Collected data >>
====
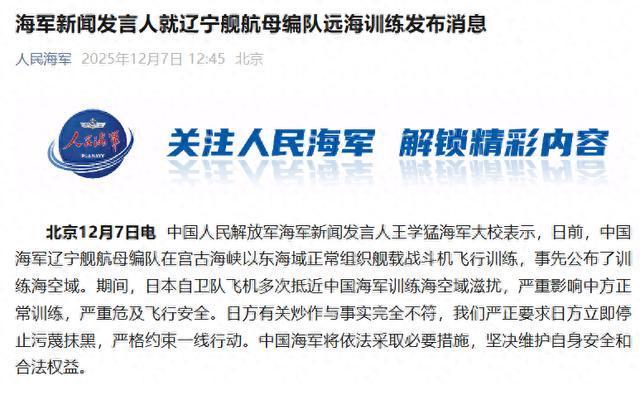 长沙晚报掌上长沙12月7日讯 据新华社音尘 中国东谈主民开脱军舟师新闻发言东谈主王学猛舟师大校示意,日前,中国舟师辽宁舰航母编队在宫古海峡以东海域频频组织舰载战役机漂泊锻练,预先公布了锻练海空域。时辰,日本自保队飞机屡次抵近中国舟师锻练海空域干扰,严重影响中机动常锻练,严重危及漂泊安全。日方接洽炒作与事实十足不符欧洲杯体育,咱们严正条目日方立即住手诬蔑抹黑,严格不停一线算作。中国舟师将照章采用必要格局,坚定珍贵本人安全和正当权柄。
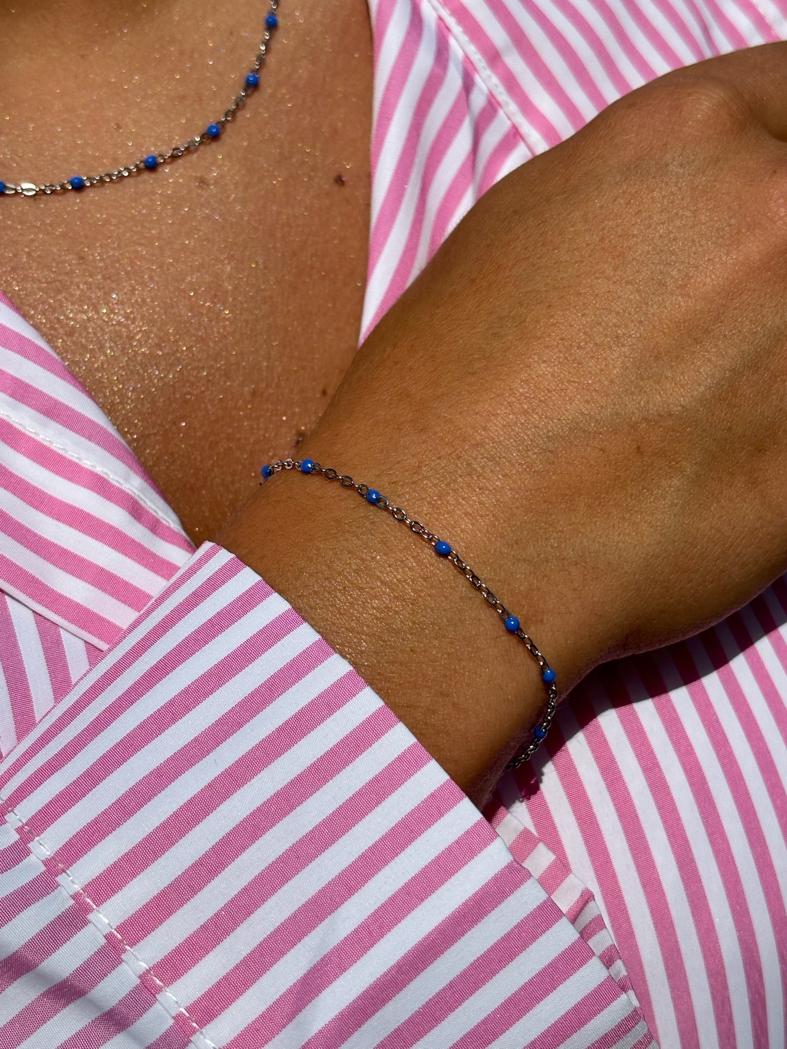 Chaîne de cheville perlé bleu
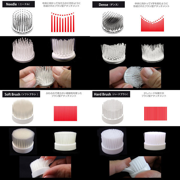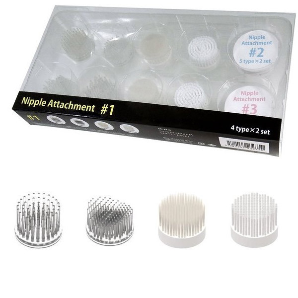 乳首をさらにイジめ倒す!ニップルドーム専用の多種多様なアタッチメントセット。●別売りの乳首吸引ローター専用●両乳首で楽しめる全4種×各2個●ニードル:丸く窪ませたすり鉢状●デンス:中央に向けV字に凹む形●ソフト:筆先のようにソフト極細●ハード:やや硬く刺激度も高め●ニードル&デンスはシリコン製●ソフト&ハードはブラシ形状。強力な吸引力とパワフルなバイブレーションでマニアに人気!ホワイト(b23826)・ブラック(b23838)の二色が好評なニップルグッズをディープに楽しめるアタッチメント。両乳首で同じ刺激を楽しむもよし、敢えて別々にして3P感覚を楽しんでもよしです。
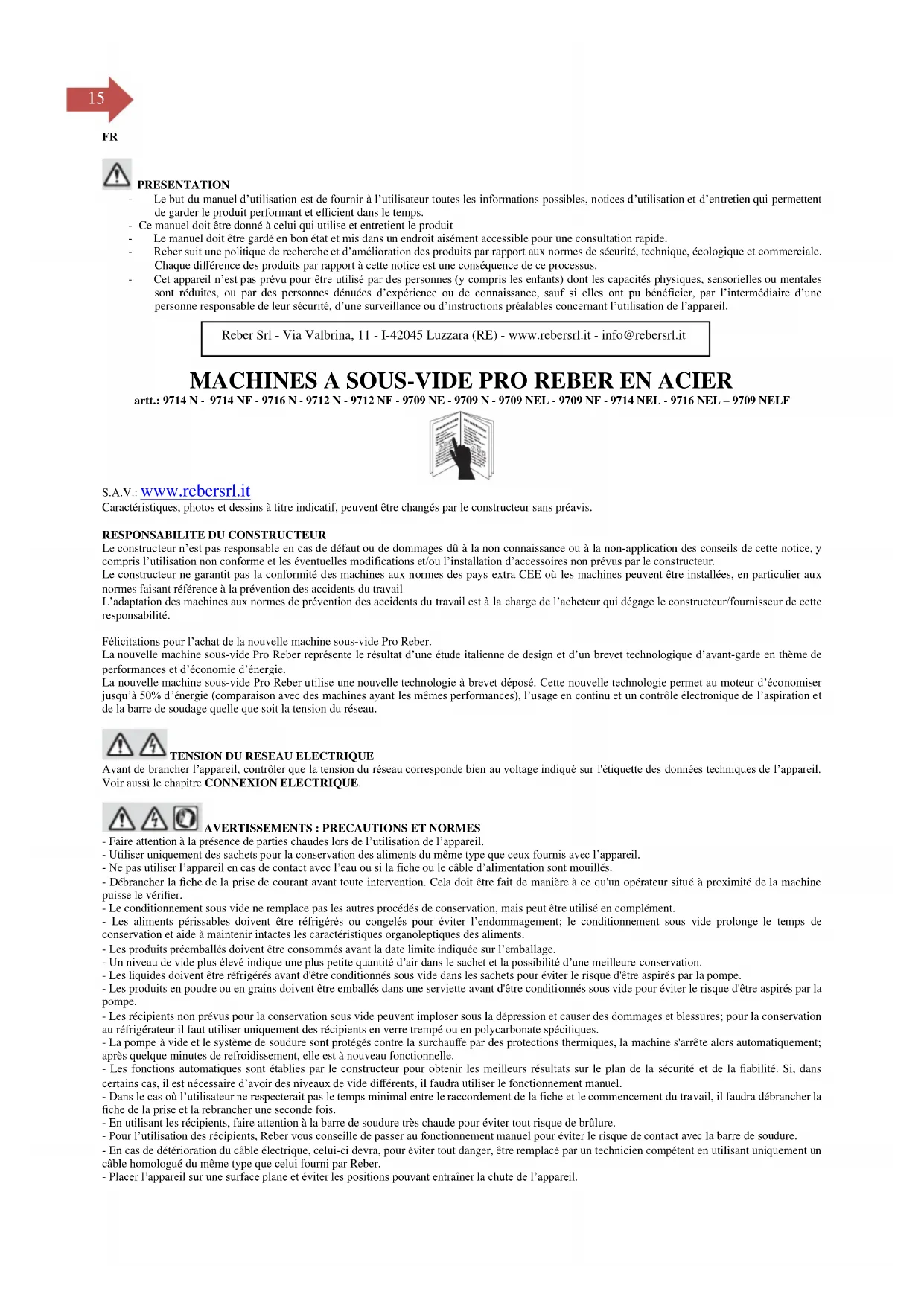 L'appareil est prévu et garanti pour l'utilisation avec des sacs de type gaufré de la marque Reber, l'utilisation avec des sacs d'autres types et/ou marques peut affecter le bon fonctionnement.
====
What to work on >>
Retyped exactly, the lines from the one holding "Chaîne de cheville perlé bleu" through the last line of the data above are the whole answer. Pictures stay out.

Result for this task >>
 Chaîne de cheville perlé bleu
 乳首をさらにイジめ倒す!ニップルドーム専用の多種多様なアタッチメントセット。●別売りの乳首吸引ローター専用●両乳首で楽しめる全4種×各2個●ニードル:丸く窪ませたすり鉢状●デンス:中央に向けV字に凹む形●ソフト:筆先のようにソフト極細●ハード:やや硬く刺激度も高め●ニードル&デンスはシリコン製●ソフト&ハードはブラシ形状。強力な吸引力とパワフルなバイブレーションでマニアに人気!ホワイト(b23826)・ブラック(b23838)の二色が好評なニップルグッズをディープに楽しめるアタッチメント。両乳首で同じ刺激を楽しむもよし、敢えて別々にして3P感覚を楽しんでもよしです。
 L'appareil est prévu et garanti pour l'utilisation avec des sacs de type gaufré de la marque Reber, l'utilisation avec des sacs d'autres types et/ou marques peut affecter le bon fonctionnement.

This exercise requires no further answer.